TransformersZeroShotTextRouter
Use this component to route text input to various output connections based on its user-defined categorization label.
Most common position in a pipeline | Flexible |
Mandatory init variables | "labels": A list of labels for classification "token": The Hugging Face API token. Can be set with HF_API_TOKEN or HF_TOKEN env var. |
Mandatory run variables | “text”: The text to be routed to one of the specified outputs based on which label it has been categorized into |
Output variables | “documents”: A dictionary with the label as key and the text as value |
API reference | Routers |
GitHub link | https://github.com/deepset-ai/haystack/blob/main/haystack/components/routers/zero_shot_text_router.py |
Overview
TransformersZeroShotTextRouter
routes text input to various output connections based on its categorization label. This feature is especially beneficial for directing queries to appropriate components within a pipeline, according to their specific categories. Users can define the labels for this categorization process.
TransformersZeroShotTextRouter
uses the MoritzLaurer/deberta-v3-base-zeroshot-v1.1-all-33
zero-shot text classification model by default. You can set another model of your choosing with the model
parameter.
To use TransformersZeroShotTextRouter
, you need to provide the mandatory labels
parameter – a list of strings of possible class labels to classify each sequence into.
To see the full list of parameters, check out our API reference.
Usage
On its own
The TransformersZeroShotTextRouter
isn’t very effective on its own, as its main strength lies in working within a pipeline. The component's true potential is unlocked when it is integrated into a pipeline, where it can efficiently route text to the most appropriate components. Please see the following section for a complete example of usage.
In a pipeline
Below is an example of a simple pipeline that routes input text to an appropriate route in the pipeline.

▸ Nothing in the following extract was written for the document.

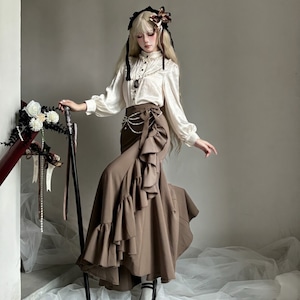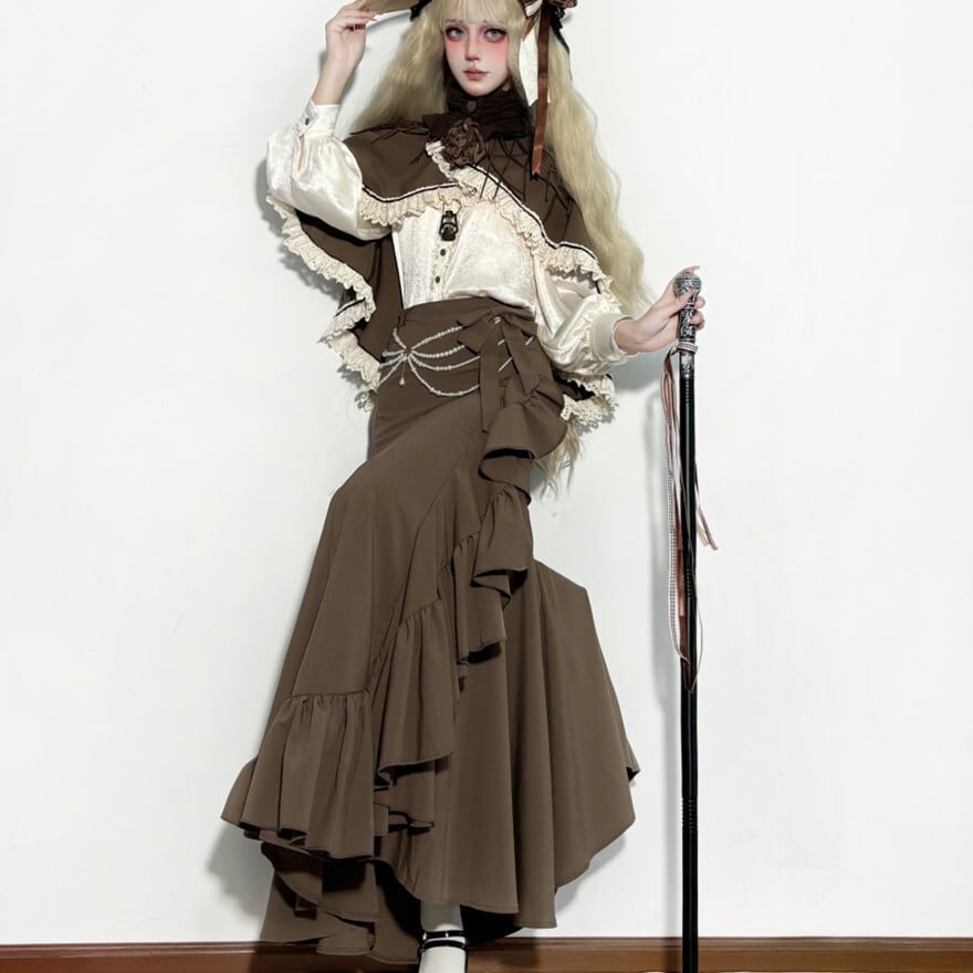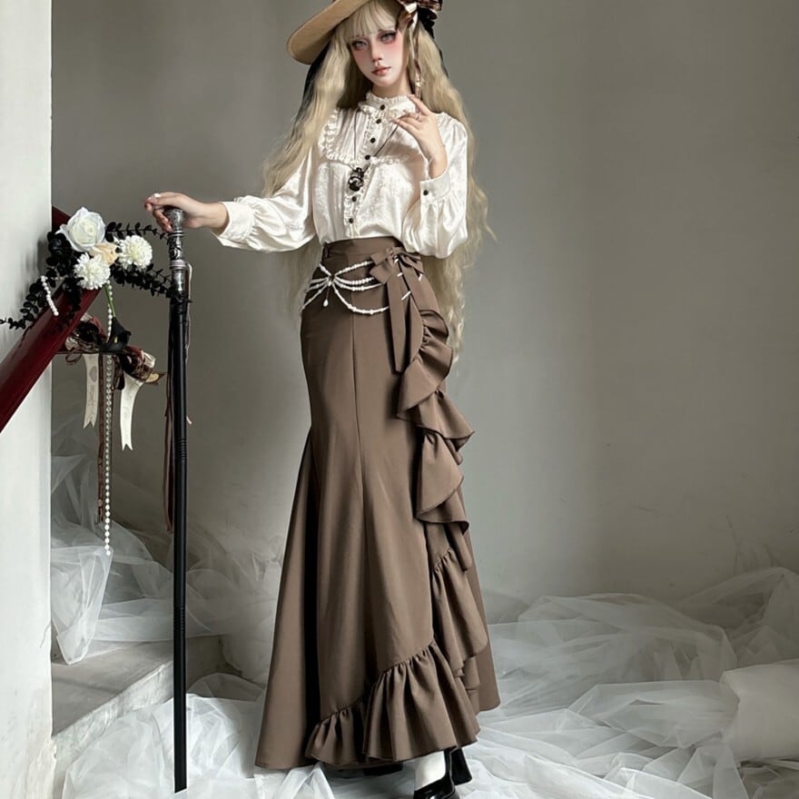 関連キーワード: #ロリータ #クラロリ #スカート #ブラウン #フリル #エレガント #シック #マーメイド #ロング丈

We first create an InMemoryDocumentStore
and populate it with documents about Germany and France, embedding these documents using SentenceTransformersDocumentEmbedder
.
We then create a retrieving pipeline with the TransformersZeroShotTextRouter
to categorize an incoming text as either "passage" or "query" based on these predefined labels. Depending on the categorization, the text is then processed by appropriate Embedders tailored for passages and queries, respectively. These Embedders generate embeddings that are used by InMemoryEmbeddingRetriever
to find relevant documents in the Document Store.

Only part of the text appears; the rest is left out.